Naja, würde denen ja gerne ein Beispiel zum testen geben, mit den Quelltext alleine ist denen aber sicherlich nicht geholfen. Bräuchten ja auch die DLL, die wiederum benötigt aber dann auch eine SPS-spezifische DLL deren Quelltext ich ja nicht haben kann. 
Man hat ja nicht mal die Möglichkeit denen nen kleines Jar zu schicken


----------



## Thomas Darimont (31. Mai 2007)

Hallo,



> kann dir jetzt nicht ganz folgen. Ich gehe davon aus, das beim Laden die DLL auch wirklich nur geladen wird und kein Code aus der DLL ausgeführt wird.


Okay.. die dll die du geschrieben hast macht das vielleicht nicht... und was ist mit der/den anderen (davon abhängigen)? ;-)

Gruß Tom


----------



## normaler_spinner (31. Mai 2007)

Die andere hat so rein gar nichts mit Java am Hut. Meine DLL dient rein dazu um über das JNI auf die SPS-DLL zuzugreifen. Die ist dann einfach nur dafür da, Daten aus der SPS zu lesen oder zu schreiben.


----------



## Thomas Darimont (31. Mai 2007)

Hallo,

was macht denn die Methode getMainFrame()?

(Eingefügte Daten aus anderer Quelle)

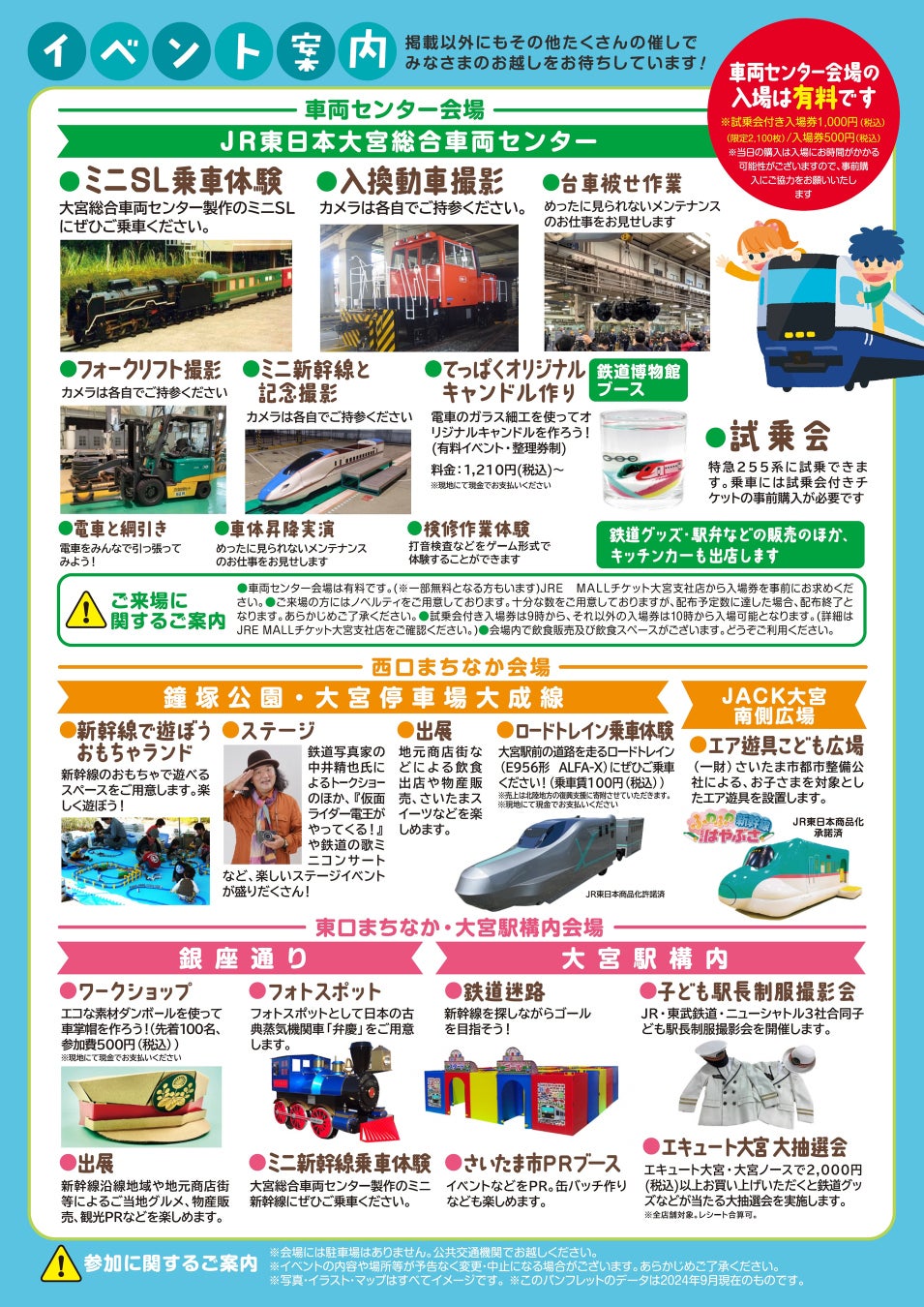 ステージイベント、地元商店街・さいたまスイーツ・さいたま市伝統産業事業所等の出展、新幹線で遊ぼう おもちゃランド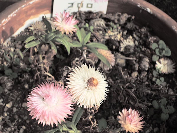 昨年7月に鉢に植えたコロロジャンボはモコモコにはなりませんでしたけれど、まだ花を咲かせます。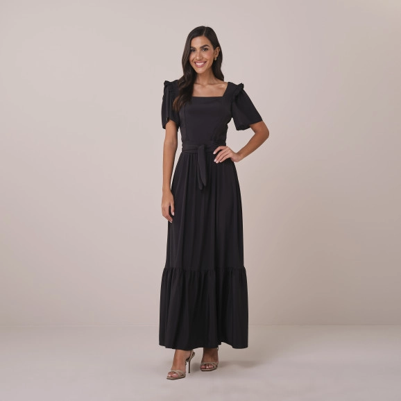 Vestido Leticia Em Crepe Tangier Preto Tatá Martello
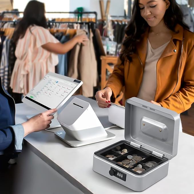 - DURABLE AND UNBREAKABLE: The cash boxe is unbreakable in our daily life due to strong metal material. Besides, the inner removable money tray is so sturdy built that you have no reason to worry about the security of your items.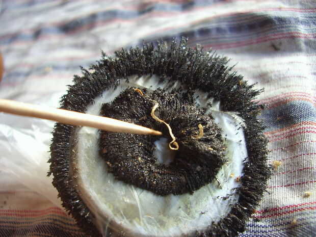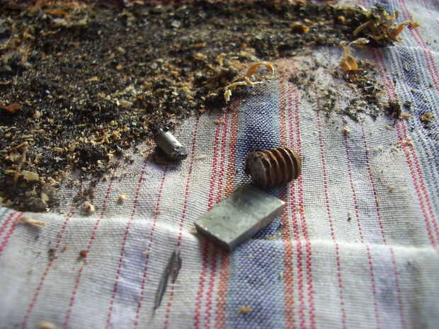Junto con limaduras de imán recoger pequeños trozos de hierro, trozos de alambre, "pelo" de acero de cepillo de acero, etc, etc.. Tienes que eliminarlos. Ayuda de un palillo de dientes. También provoca desechos no magnéticos tales como pelusa, polvo y similares. Una manera de deshacerse de ellos cava limaduras con el palillo de dientes mientras se sopla. Otra manera es pegar la bolsa contra la mesa, que algunas presentaciones pero sobre todo todo lo que cae la gota no es magnética. Las limaduras se puede conseguir para arriba otra vez con el imán. Repetir este procedimiento varias veces es posible obtener presentaciones prácticamente limpios.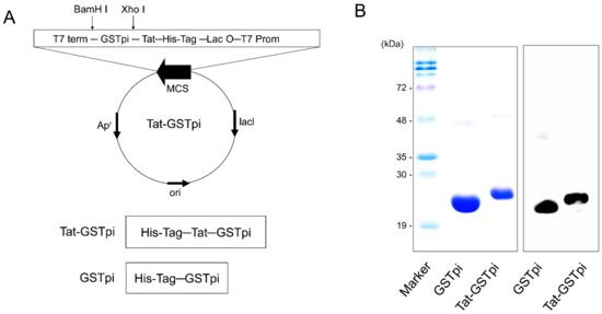 Construction and purification of Tat-GSTpi protein. (A) Schematic sequence of Tat-GSTpi and GSTpi protein. Tat-GSTpi protein consists of six histidine, Tat peptide, and cDNA of human GSTpi; (B) Purification of Tat-GSTpi and GSTpi proteins were analyzed by SDS-PAGE and Western blotting with an anti-histidine antibody.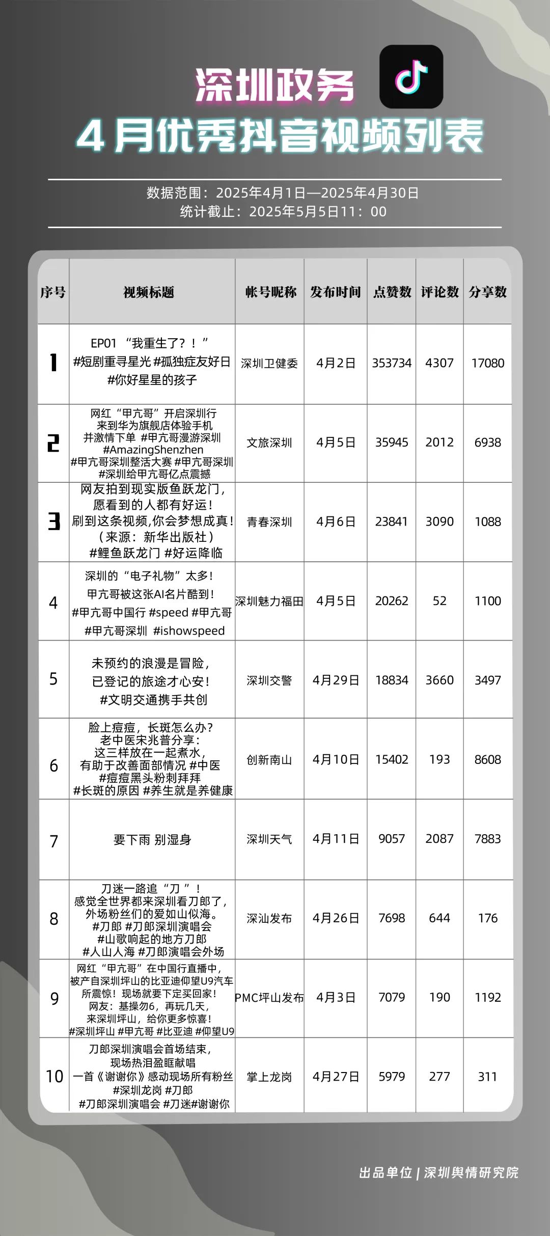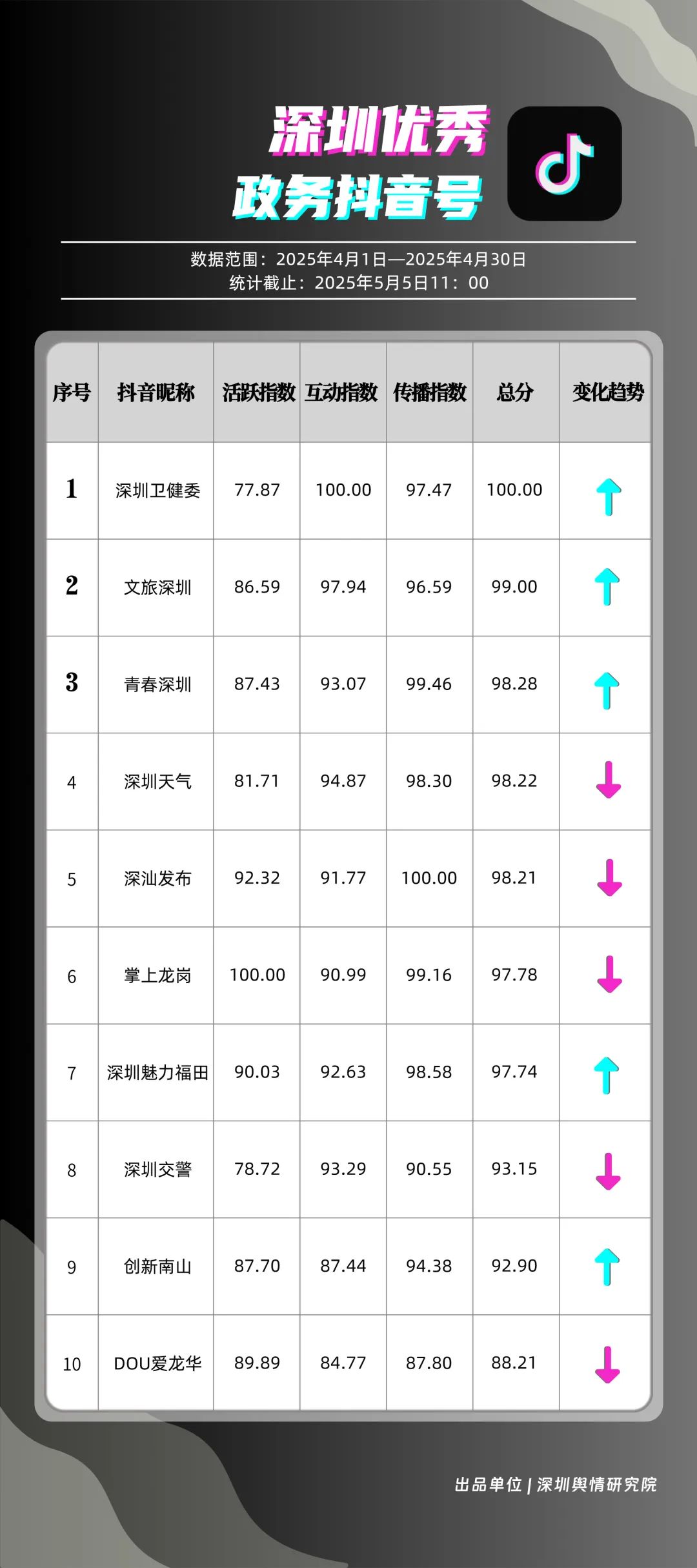 4月,“深圳衛(wèi)健委”“文旅深圳”“青春深圳”“深圳天氣”“深汕發(fā)布”“掌上龍崗”“深圳魅力福田”“深圳交警”“創(chuàng)新南山”“DOU愛龍華”共10個政務抖音號獲得“優(yōu)秀政務抖音號”稱號。4月,“深圳衛(wèi)健委”“文旅深圳”“青春深圳”憑借新穎的內容策劃、生動的短視頻呈現方式,實現排名提升,位居榜單前三?!吧钲谔鞖狻薄吧钌前l(fā)布”緊隨其后,以優(yōu)質實用的內容、接地氣的表達,持續(xù)擴大政務新媒體的傳播聲量。上榜賬號積極探索創(chuàng)新傳播路徑,以生動有趣的方式傳遞政務信息,為深圳政務新媒體在短視頻領域的發(fā)展注入新活力。
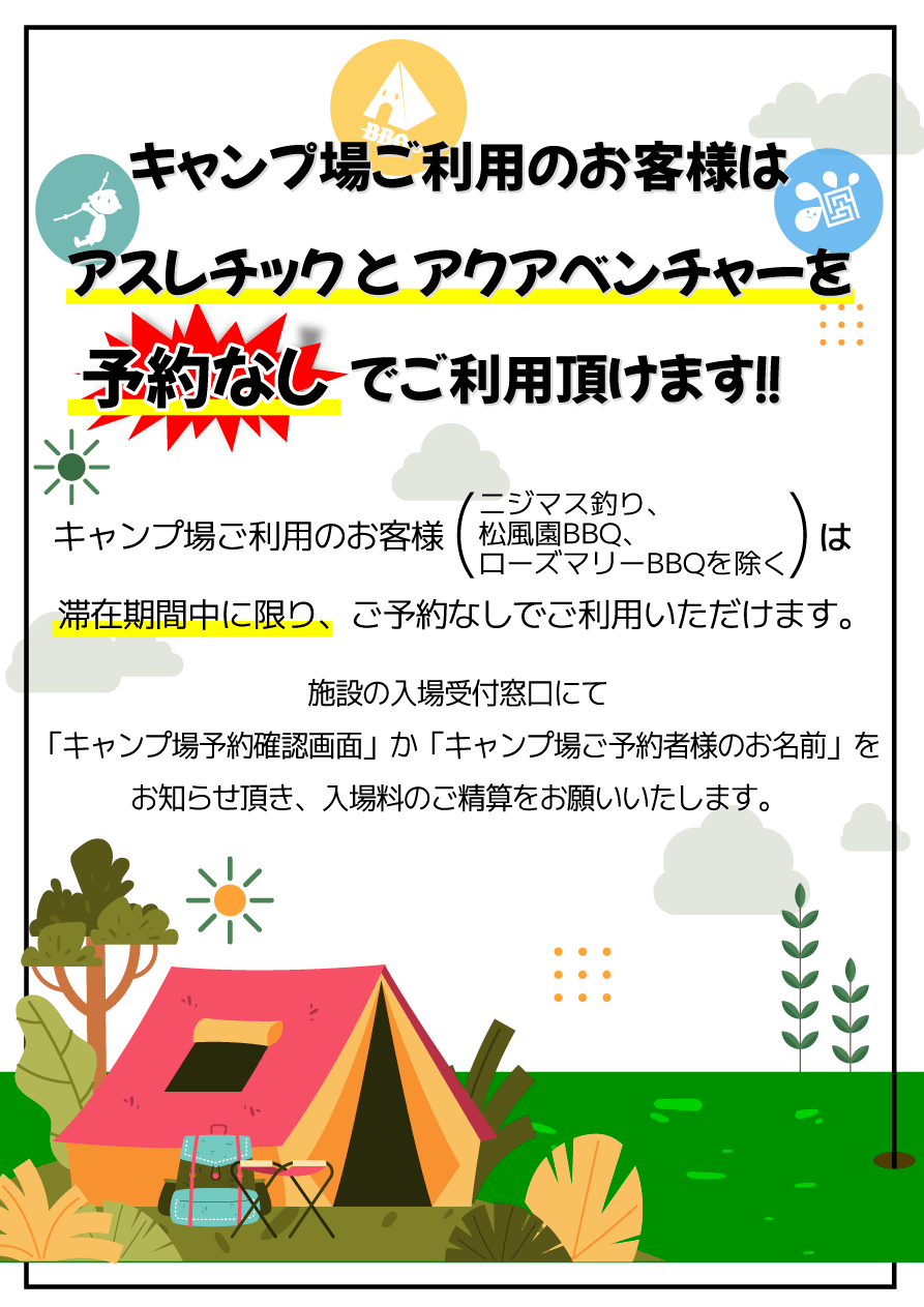 キャンプ場をご宿泊や日帰りでご利用されるお客様は、滞在中(チェックイン前、チェックアウト後も含む)はアスレチック及びアクアベンチャーのご予約は必要ありません。

Erstellt die etwa das Hauptfenster der Anwendung? (dann sollte sie wohl eher openAndRunMainFrame() .. heißen).
Wie gesagt du musst dich Fragen, was nach diesem Methoden Aufruf ist als davor... (wo's ja nicht geht) Da ich deinen Code nicht kenne kann ich nur von dem Mutmaßen was ich sehe... und dann würde ich sagen, dass eben nach der Methode die Oberfläche / das Hauptfenster Initialisiert ist und angezeigt wird. Weiterhin kann es sein, durch das sichtbar machen des Hauptfensters wird in Windows des entsprechende Native Peer erzeugt und die Resourcen allokiert. Außerdem werden sicherlich noch einige Windows Dlls nachgeladen, die davor nicht geladen waren... vielleicht liegt hier ja der Hase im Pfeffer...

Gruß Tom


----------



## normaler_spinner (31. Mai 2007)

Ja stimmt, nicht anderes macht getMainFrame(). Hier wird das Anwendungsfenster initialisiert und geöffnet. Aber selbst wenn ich den onLoad an eine Stelle verschiebe, nachdem der Frame schon lange aufgebaut ist und dann beispielsweise erst bei einem Aufruf über einen Menüpunkt geladen wird, kracht es. Daher gehe ich davon aus, dass es daran nicht liegen kann.


----------



## Thomas Darimont (31. Mai 2007)

Hallo,

gibts vielleicht irgendeine Einschränkung, dass die dll in einem bestimmten Thread geladen werden muss?

Gruß Tom


----------



## normaler_spinner (31. Mai 2007)

Nein, keine Einschränkungen. Ich teste gerade mal ob es an einer Einstellung vom Borland C++ Builder liegt. In 10 Minuten weiß ich mehr. Da gabs ne Einstellung irgendwo wie sich die DLL beim Laden zu verhalten hat, bezüglich der Speicherverwaltung.


----------



## normaler_spinner (31. Mai 2007)

Ne, daran hats nicht gelegen


----------



## Thomas Darimont (31. Mai 2007)

Hallo,

hmm... probier doch mal zum Spaß die Dll:
0x10000000 - 0x10059000     D:\EclipseWorkspace\TestCase\AGLINK40.DLL
explizit vor der 
0x0ad80000 - 0x0ad89000     D:\EclipseWorkspace\TestCase\SPSReader.dll
zu laden.

Gruß Tom


----------



## normaler_spinner (31. Mai 2007)

Um ehrlich zu sein, habe ich die AGLink40 nicht in dem Projekt geladen. Die Header-Datei der AGLink40 wird von meiner DLL eingebunden. Das ist allgemein so üblich. Aber ich hab es mal spasseshalber versucht. Gleiches Resultat.


----------



## Thomas Darimont (31. Mai 2007)

Hallo,

das war mir schon klar... nur manchmal muss man auch seltsam klingende Sachen ausprobieren... okay dann wieder zurück zur Einstiegsfrage... klappt das mit dem DLL laden wirklich nur an der angegebenen Stelle, also nach der Erzeugung des Hauptfensters und in diesem Konstruktor?

Gruß Tom


----------



## normaler_spinner (31. Mai 2007)

Das läßt sich jetzt so explizit nicht beantworten. Teile ich mein Projekt in verschiedene packages auf (Controller, View, Model) dann kann ich es einfügen wo ich möchte und es kracht überall beim Laden der DLL.
Aber um es nochmal zu hervorzuheben, weder die von mir erstellte DLL als auch die AGLink40 greifen auf irgendeine Komponente des Projektes zu. Sie sind völlig unabhängig von der Anwendung.
Ich installiere gerade mal MS Visual C++ Express und erstell mir damit mal eine DLL. Ich werde den Eindruck nicht los, das es an der selbsterstellten DLL liegen muss. Jede andere x-beliebige DLL kann ich überall einbinden ohne das es knallt, klingt komisch - ist aber so.


----------